The next step is to define a suitable k range and get the model for the Linear Matter Power Spectrum:

k = np.logspace(-4, 1, 2**10)
pk_lin = sp.get_pklin(k=k, z=0.5)

where we also needed to specify the effective redshift z=0.5. We can plot easily the Linear Power Spectrum:

plt.loglog(k, pk_lin)
plt.xlabel(r'$k\: [h\; Mpc^{-1}]$')
plt.ylabel(r'$P_{linear}(k)\: [h^{-1}\; Mpc]^{3}$')
plt.show()
_images/lin_power.png

Now, this was the linear Matter Power Spectrum, to get the Galaxy Power Spectrum multipoles we will use Kaiser’s formula:

\[P(k, \mu) = (b + f \mu^{2})^{2} P_{lin}(k)\]

where \(b\) is the linear bias parameter, \(f\) is the logarithmic growth rate, and \(\mu\) is the cosine of the angle between teh Fourier modes and the line-of-sight. By decomposing the aforementioned function in terms of the Legendre polynomials we get the Monopole \((l=0)\), Quadrupole \((l=2)\) and Hexadecapole \((l=4)\) of the galaxy Power Spectrum:

def get_multipoles(b, f):

    p0 = (b*b + 2.0 * b *f / 3.0 + f*f/5.0 ) * pk_lin

    p2 = (4.0*b*f/3.0 + 4.0*f*f/7.0) * pk_lin

    p4 = (8.0* f*f / 35.0) * pk_lin

return p0, p2, p4

Alright, let’s compute and plot those multipoles for two realistic values of b and f:

P0, P2, P4 = get_multipoles(b=2.0, f=0.5)

plt.semilogx(k, k * P0, label=r'$P_{0}$')
plt.semilogx(k, k * P2, label=r'$P_{2}$')
plt.semilogx(k, k * P4, label=r'$P_{4}$')
plt.xlabel(r'$k \: [h\: Mpc^{-1}]$')
plt.ylabel(r'$k\; P_{l}(k) \: [h^{-1}\: Mpc]^{2}$')
plt.xlim(1e-3, 10)
plt.legend()
plt.show()
_images/linear_model.png

The last step involves using the Cosmology module P2xi to transform the above power spectrum multipoles to correlation function multipoles and plot them.
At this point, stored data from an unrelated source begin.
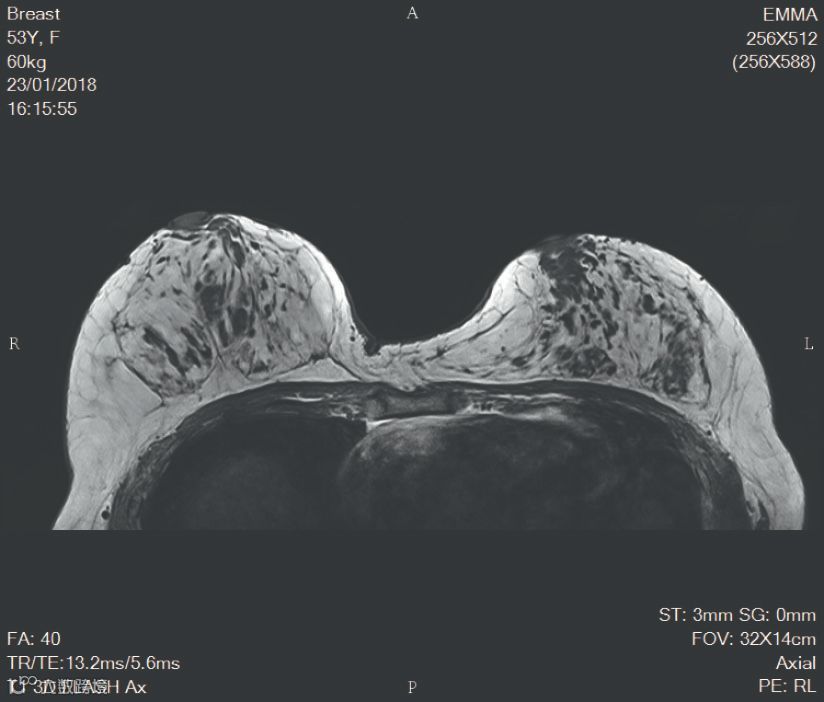 美时医疗与世界领先的乳腺癌症中心共同合作研发的磁共振乳腺专用诊断系统 EMMA,能做到快速乳腺磁共振筛查 (abbreviated Breast MRI scan)。无论是对已发现的乳腺肿瘤随访,或是对已知的致密性乳腺检查,还是确定乳腺肿瘤边缘,EMMA 乳腺专用磁共振成像系统都有诊断上的优势。该技术大大改进了乳腺检查的工作流程,能够实现快速和低成本的乳腺扫描,有助于开展磁共振乳腺筛查,从而取代有辐射危害和误诊率高的乳腺X线检查。同时,该系统也能提供高质量的乳腺磁共振图像供进一步诊断。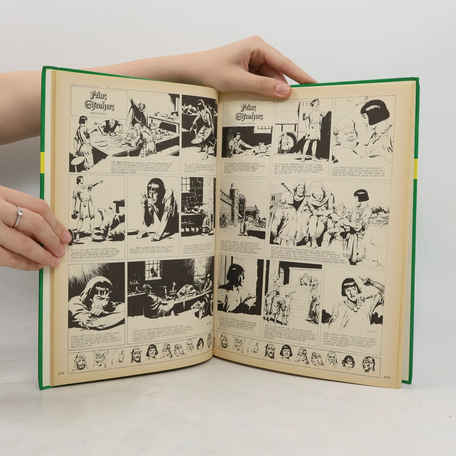 Schwarz-weiss Ausgabe. Klassische Comic-Panells. „Prinz Eisenherz“ ist das große Epos um einen Prinzen und sein „Singendes Schwert“, in dem all die bekannten Gestalten der Artussage und noch einige mehr zum Leben erweckt werden. Lancelot, Gawain, Modred, Merlin und Königin Guinevere, sie alle sind da und bevölkern das fernhin leuchtende Camelot, Arthurs herrliche Burg. Fosters Genie lässt das Zeitalter der fahrenden Ritter, der Ehre und Minne auferstehen
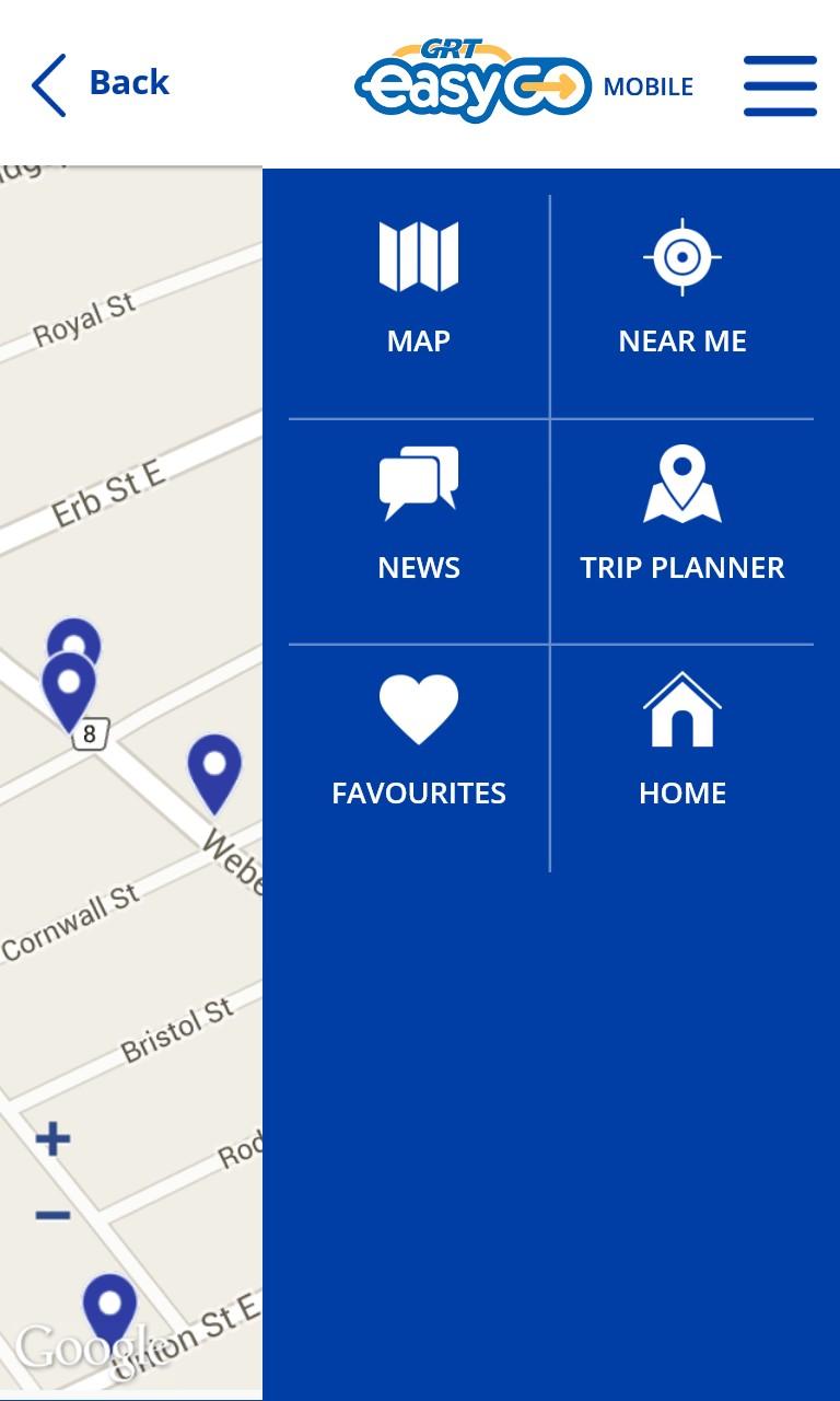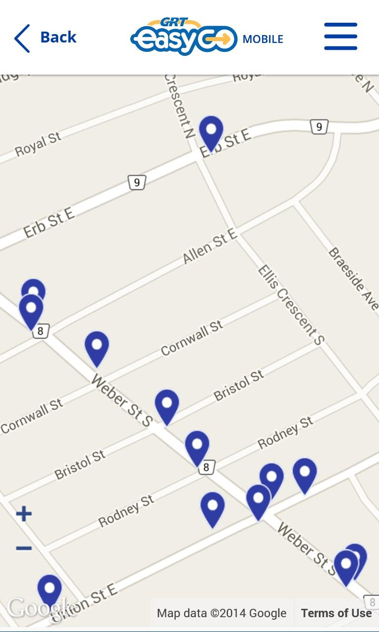 The official GRT easyGO mobile application is a free interactive tool for Waterloo Region riders to have instant access to Grand River Transit real-time bus information. Bus arrival times, bus geolocations, route information, live news feeds, and links to our mobile trip planner and detour information are all features included in the mobile application.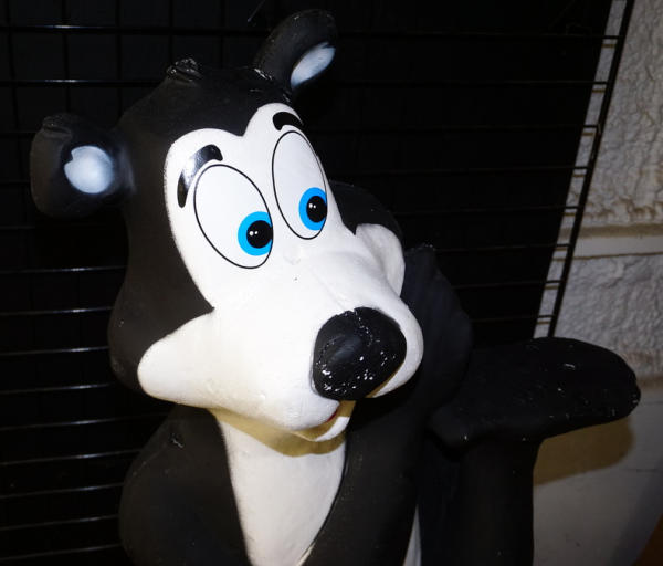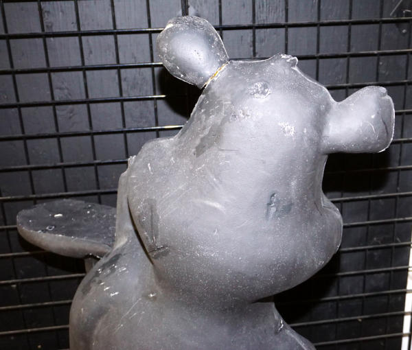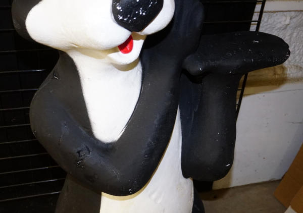 5' tall, one ear is broken off, but included, has some finger dents, scuffs, and some damage to the base, good color, not perfect, but not the worst one we have seen either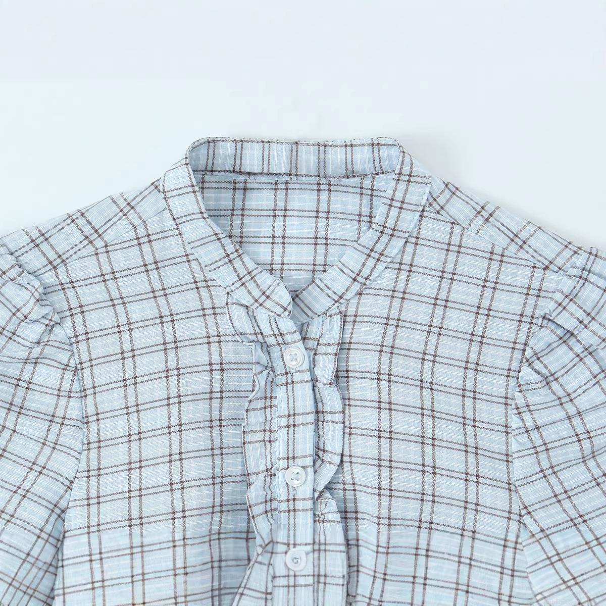Checkered Pattern, Ruffles, Elastic Waistband, Button, Stand-up Collar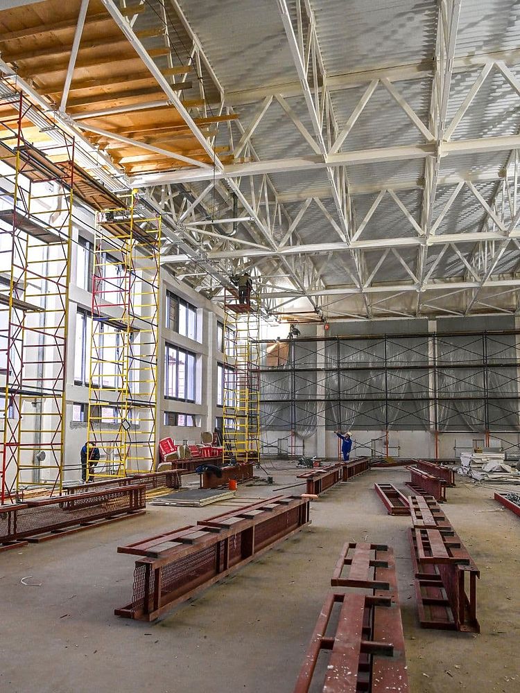 В настоящее время здесь ведутся монтажные и отделочные работы. Уже подключено отопление. Ежедневно вывозится строительный мусор.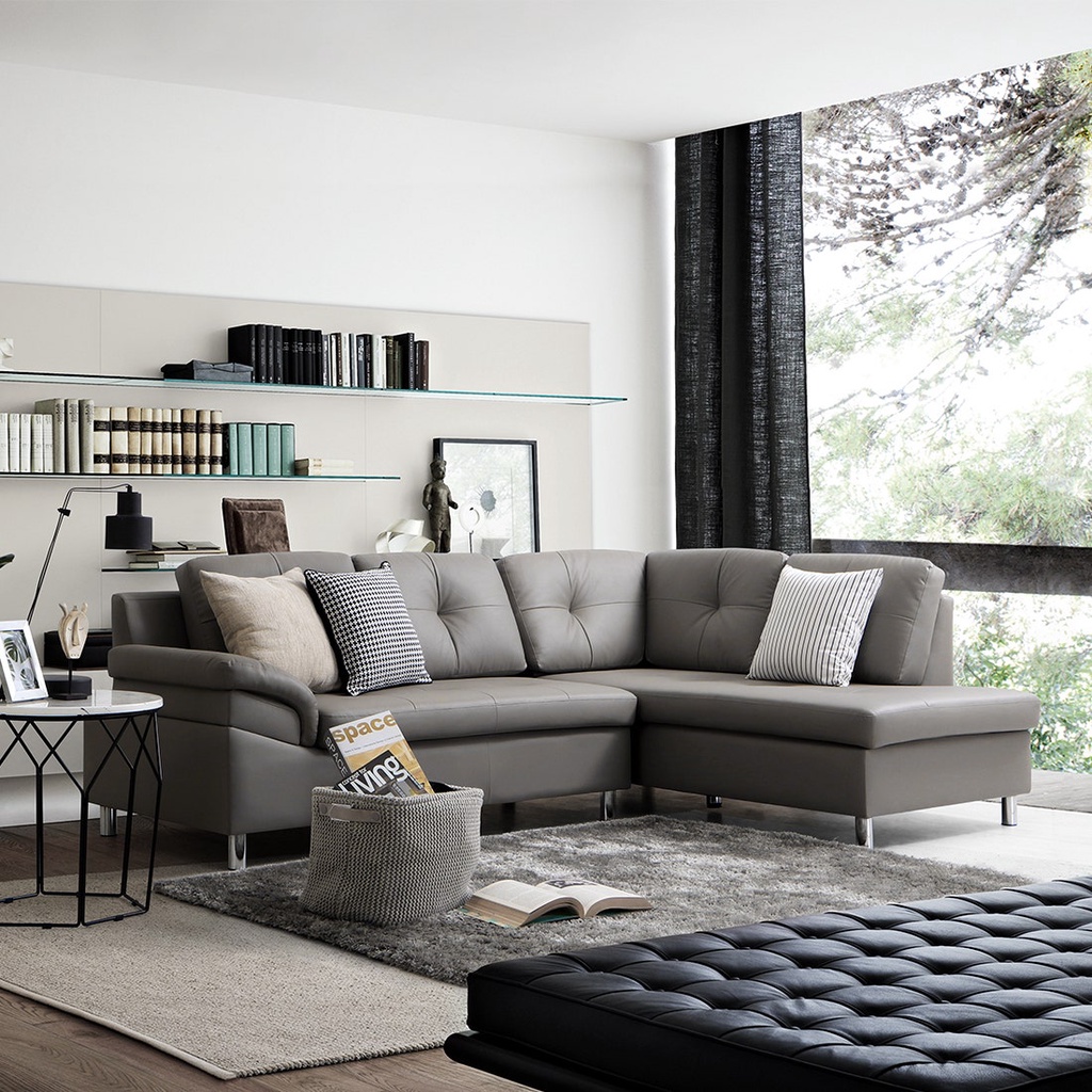 โซฟาหนังสังเคราะห์ L-Shape รุ่น โอวิร่า – สีเทา,สีดำและสีน้ำตาลเข้ม ดีไซน์สำหรับครอบครัว ช่วยสานสัมพันธ์สมาชิกให้อบอุ่นมากยิ่งขึ้น ตัวโครงเป็นไม้เนื้อแข็ง มีความแข็งแรงทนทาน ใช้งานยาวนาน ภายในหุ้มด้วยฟองน้ำอย่างดี มีความยืดหยุ่นสูง นั่งสบาย ขาโซฟาทำจากเหล็ก รองรับน้ำหนักได้ดี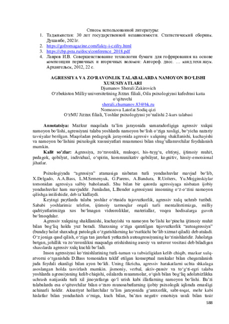 Mazkur maqolada ta’lim jarayonida samaradorligiga agressiv xulqni namoyon bo‘lishi, agressiyani talaba yoshlarda namoyon bo‘lish o‘ziga xosligi, bo‘yicha nazariy tavsiyalar berilgan. Maqoladan pedagogik jarayonida agressiv xulqning shakllanishi, kuchayishi va namoyon bo‘lishini psixologik xususiyatlari muammosi bilan shug’ullanuvchilar foydalanish mumkin.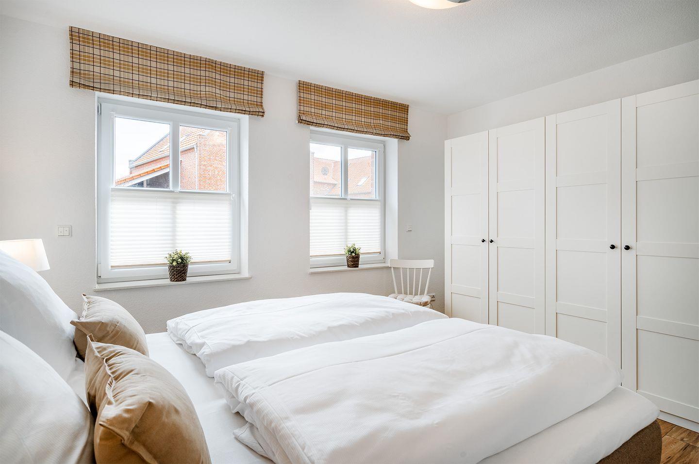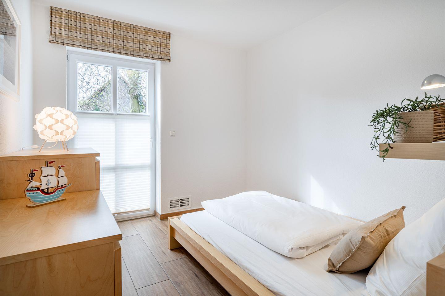 Das zweite Schlafzimmer verfügt über ein 1,40 m Bett und bietet ebenfalls genügend Stauraum.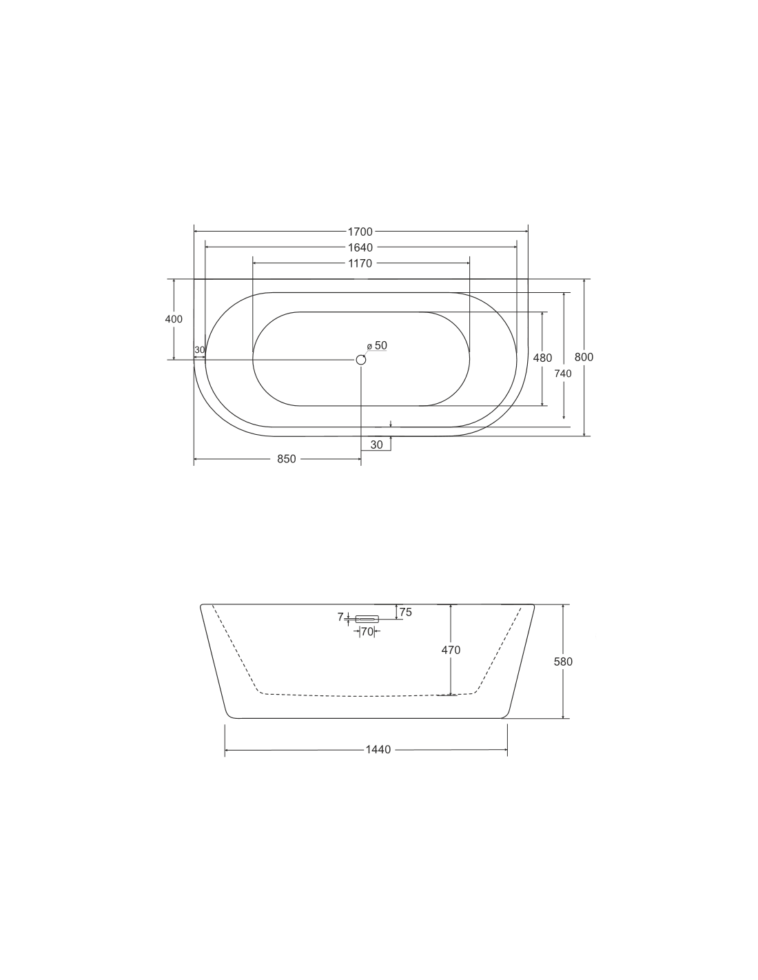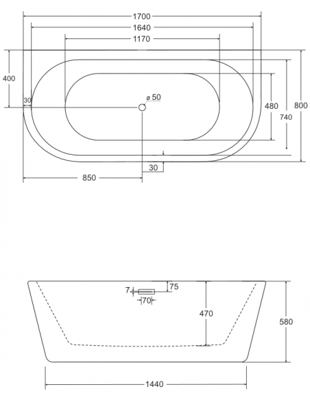 VICA vægmonteret badekar i et moderne og stilrent design, fremstillet i blank hvid premium akryl. Badekaret måler 170 cm i længden og 80 cm i bredden (ydermål). Badekaret har overløb samt pop-up bundventil i kromlakeret stål/messing.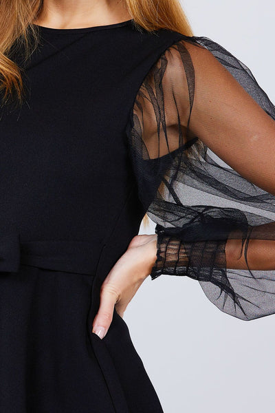 LONG MESH PUFF SLEEVE ROUND NECK W/SELF TIE PEPLUM KNIT TOP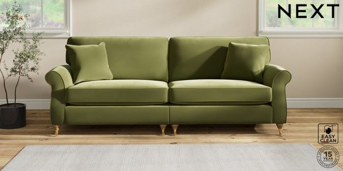 7.2.10 Ashford 4 Seater Sofa Plush Velvet Easy Clean Mid Olive Green Castor - Light | Made Click here to use our website with more accessibility support, for example screen readers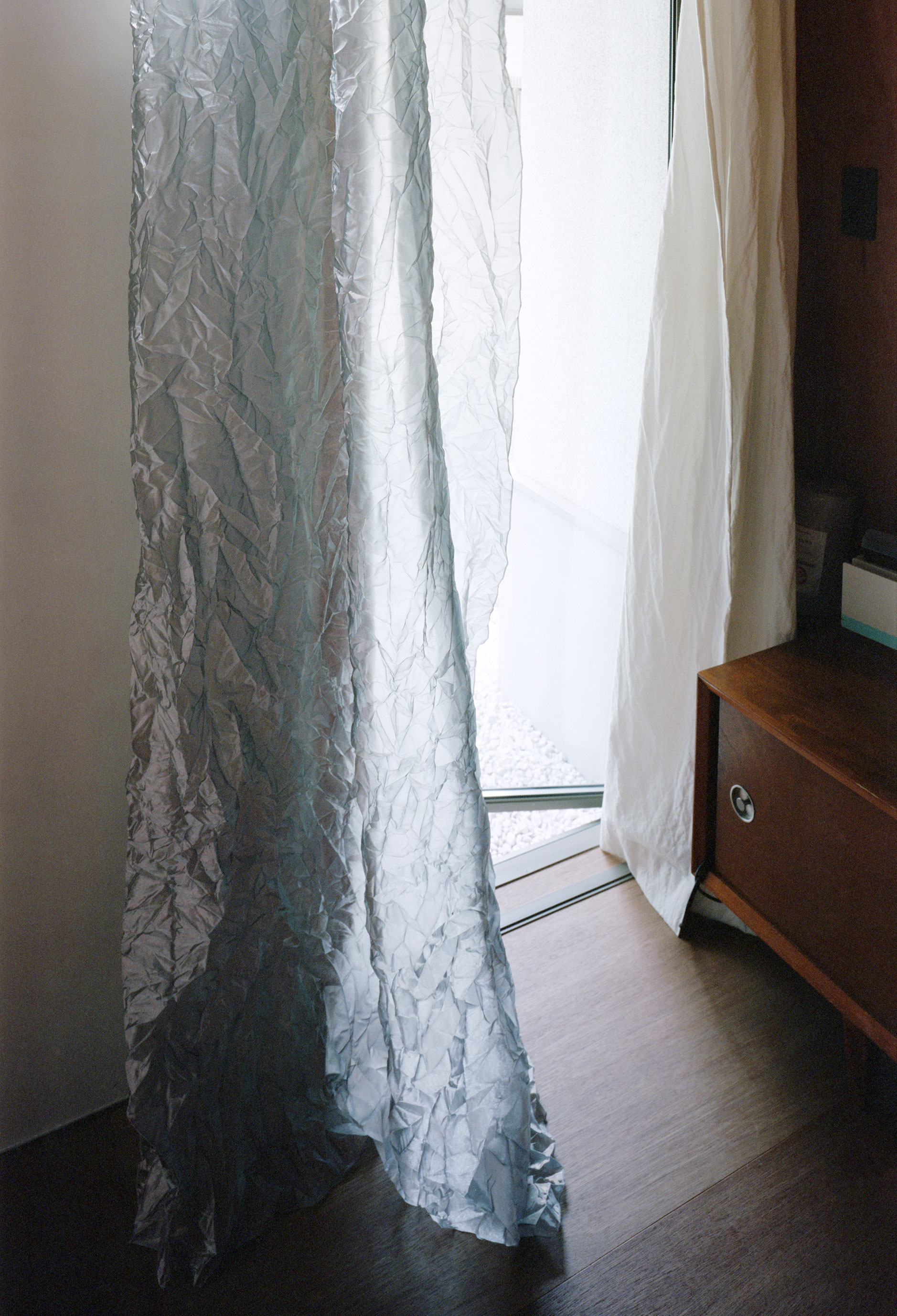 HUNEによる、東京・品川区の住宅「大森の幕屋」。神の住まいでもあったテント式の小屋“幕屋”を参照した計画。其々が趣味を楽しめる住まいを求め、様々な用途のフロアを“離散的”に積層させる構成を考案。全体を“布の様な屋根”で覆って内外の距離も適切に保つ1階、カーテンと差し込む光 photo©高野ユリカ
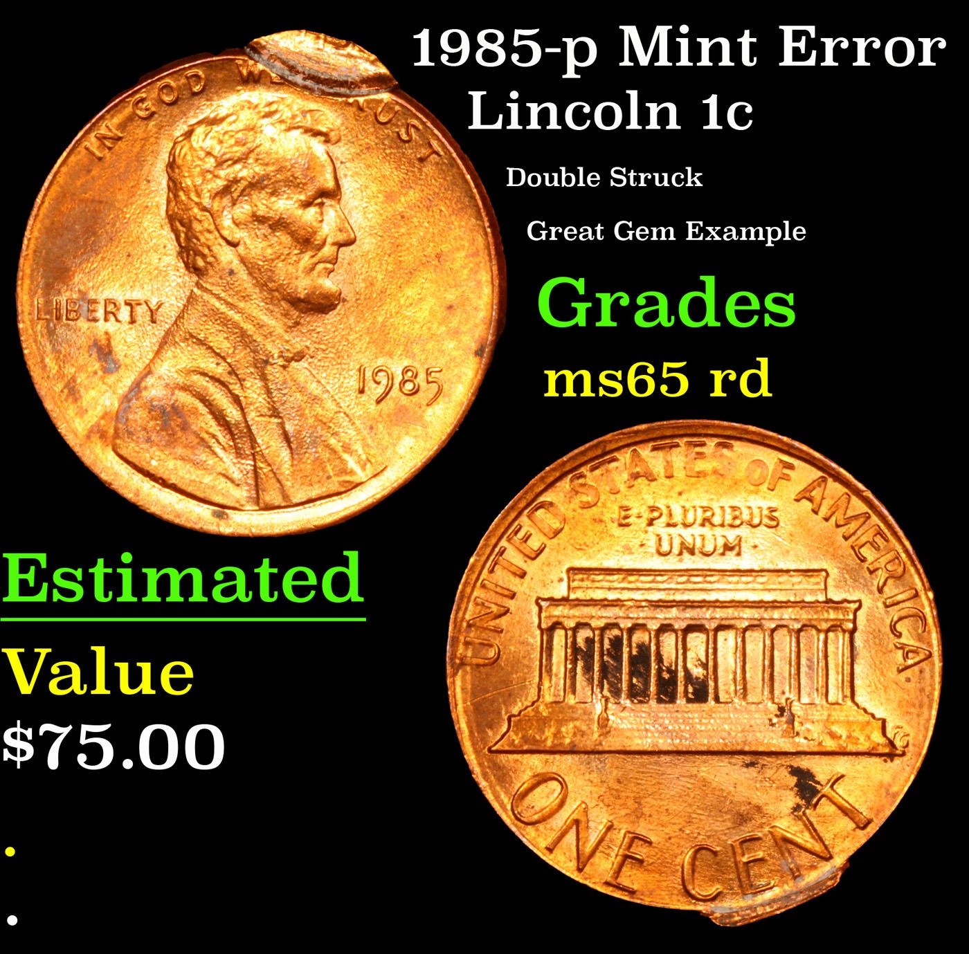 1985-p Mint Error Lincoln Cent 1c Grades GEM Unc RD.

Since the Hexadecapole (l=4) is almost zero, we will do the transform only for the Monopole and Quadrupole:

s, xi0 = hankl.P2xi(k, P0, l=0)
s, xi2 = hankl.P2xi(k, P2, l=2)

plt.plot(s, s*s*xi0, label=r'$s^{2}\xi_{0}$')
plt.plot(s, s*s*xi2, label=r'$s^{2}\xi_{2}$')
plt.xlim(20,180)
plt.ylim(-80,130)
plt.xlabel(r'$s\: (Mpc/h)$')
plt.ylabel(r'$s^{2} \xi_{l}$')
plt.legend()
plt.show()
_images/corr.png

As expected we can see the Baryon Acoustic Oscillations (BAO) peak in both multipoles.